Reputation: 49
I have the following string from which I need to extract the value 14.123456 which is directly after the keyword airline_freq: (which is a unique keyword in my string)
Please help find the correct regex (indexing m.group() doesn't work beyond 0)
import re
s = "DATA:init: 221.000OTHER:airline_freq: 14.123456FEATURE:airline_amp: 0.333887 more text"
m = re.search(r'[airline_freq:\s]?\d*\.\d+|\d+', s)
m.group()
$ result 221.000
Upvotes: 0
Views: 545
Reputation: 3189
This will match only the float as a single group.
r'airline_freq:\s+([-0-9.]+)'
"DATA:init: 221.000OTHER:airline_freq: 14.123456FEATURE:airline_amp: 0.333887 more text"
Upvotes: 1
Reputation: 28406
You can probably use this:
(?<=airline_freq:)\s*(?:-?(?:\d+(?:\.\d*)?|\.\d+))
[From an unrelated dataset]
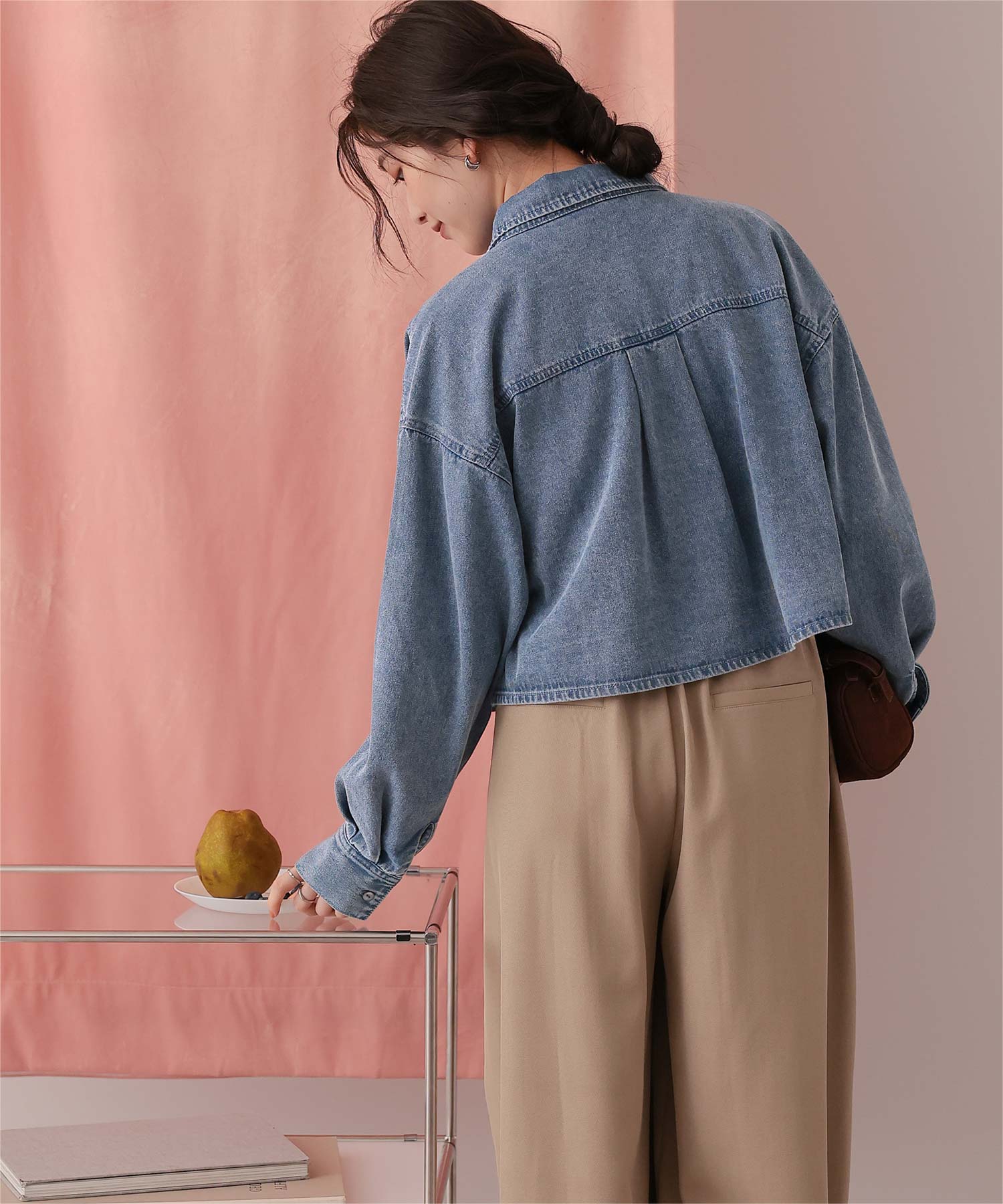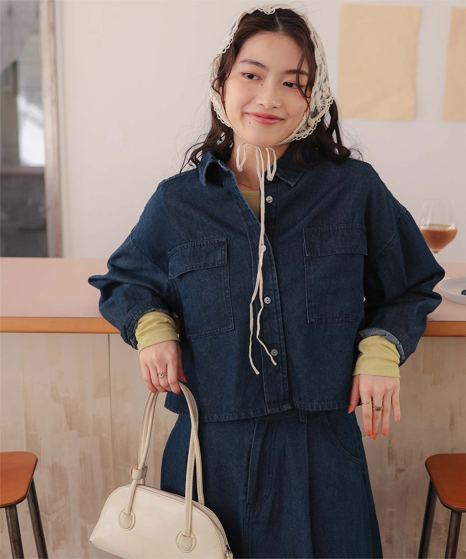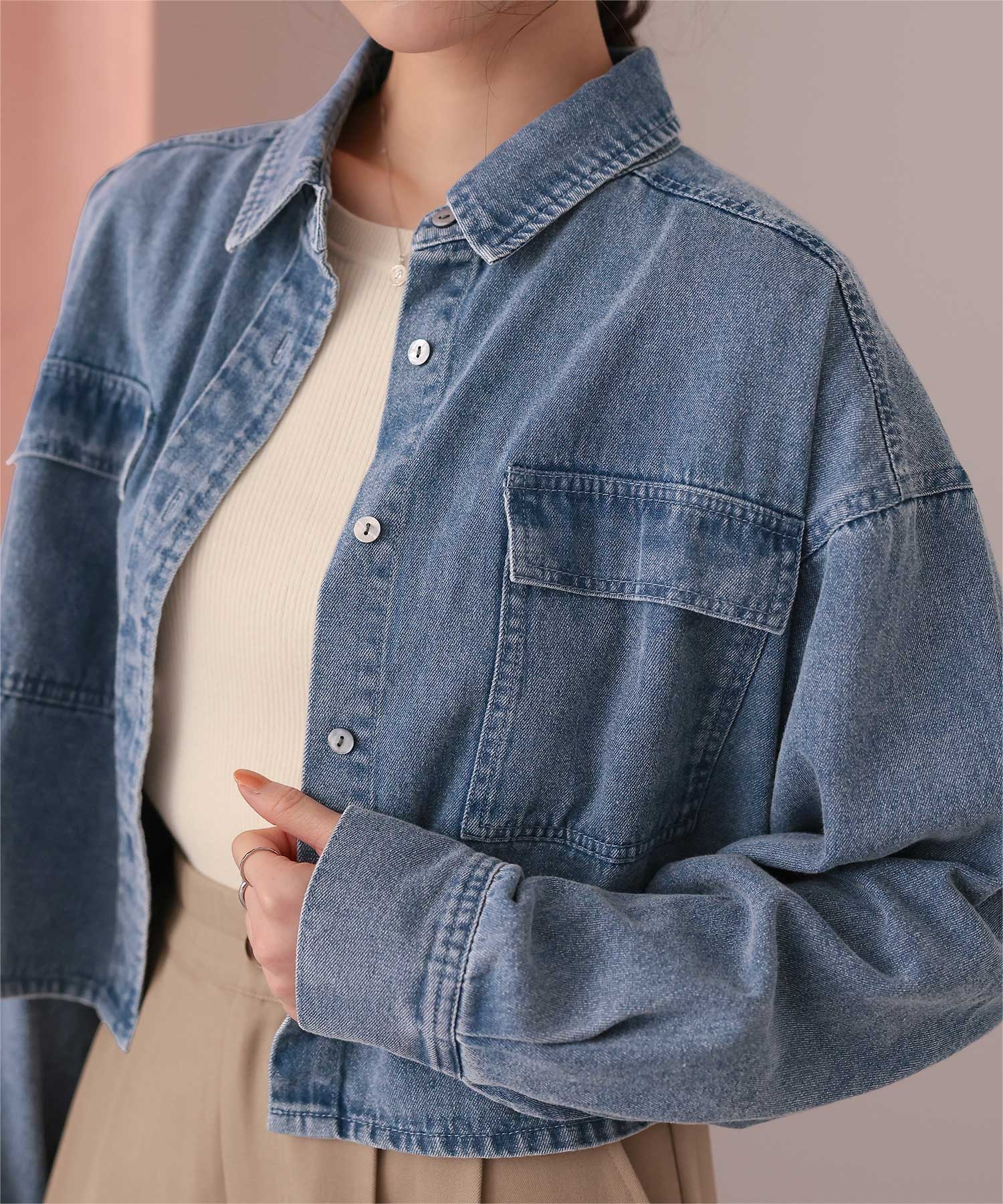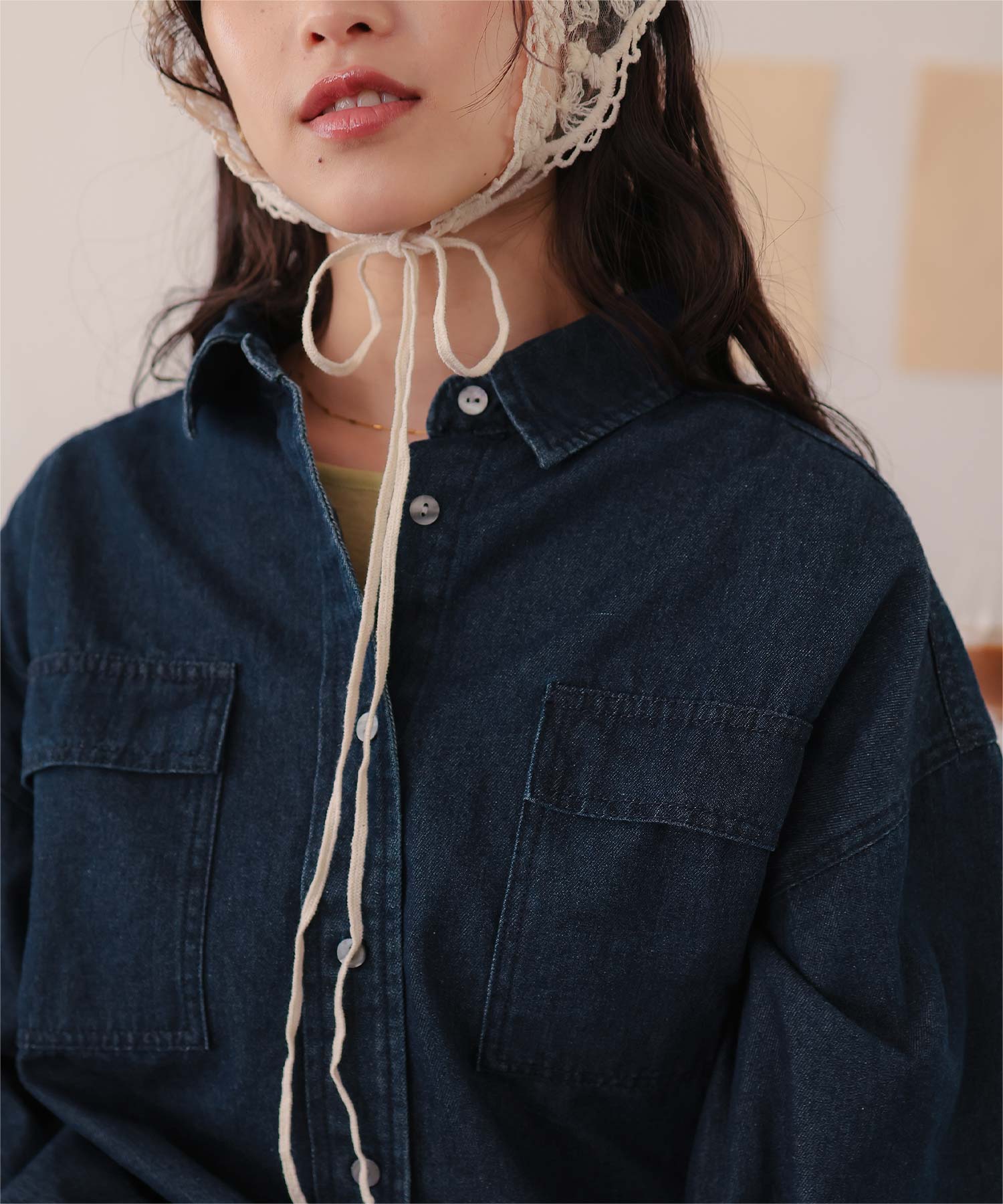 ・柔らかく軽やかなデニム素材で、ジャケット感覚でもブラウス感覚でも着られる万能アイテム

This uses a lookbehind to enforce that the number is preceded by airline_freq:
but it does not make it part of the match.
The number-matching part of the regex can match numbers with or without .
and, if there is .
, it can also be just leading or trailing (in this case clearly not before the -
sign). You can also allow an optional +
instead of the -
, by using [+-]
instead of -
.
Unfortunately it seems Python does not allow variable length lookbehind, so I cannot put the \s*
in it; the consequence is that the spaces between the :
and the number are part of the match. This in general could be no problem, as leading spaces when giving a number to a program are generally skipped automatically.
However, you can still remove the first ?:
in the regex above to make the number-matching group capturing, so that the number is available as \1
.
The example is here.
Upvotes: 1
Reputation: 167
I have this:
(?<=airline_freq\:\s\s)(\d+\.\d+)
In [2]: import re
...: s = "DATA:init: 221.000OTHER:airline_freq: 14.123456FEATURE:airline_amp: 0.333887 more text"
...: m = re.search(r'(?<=airline_freq\:\s\s)(\d+\.\d+)', s)
...: m.group()
Out[2]: '14.123456'
Test: https://regexr.com/51q41
If you're not sure about the number of spaces between airline_freq: and the desired float number, you can use:
(?<=airline_freq\:)\s*(\d+\.\d+)
and m.group().lstrip()
to get rid of the left spaces.
Upvotes: 0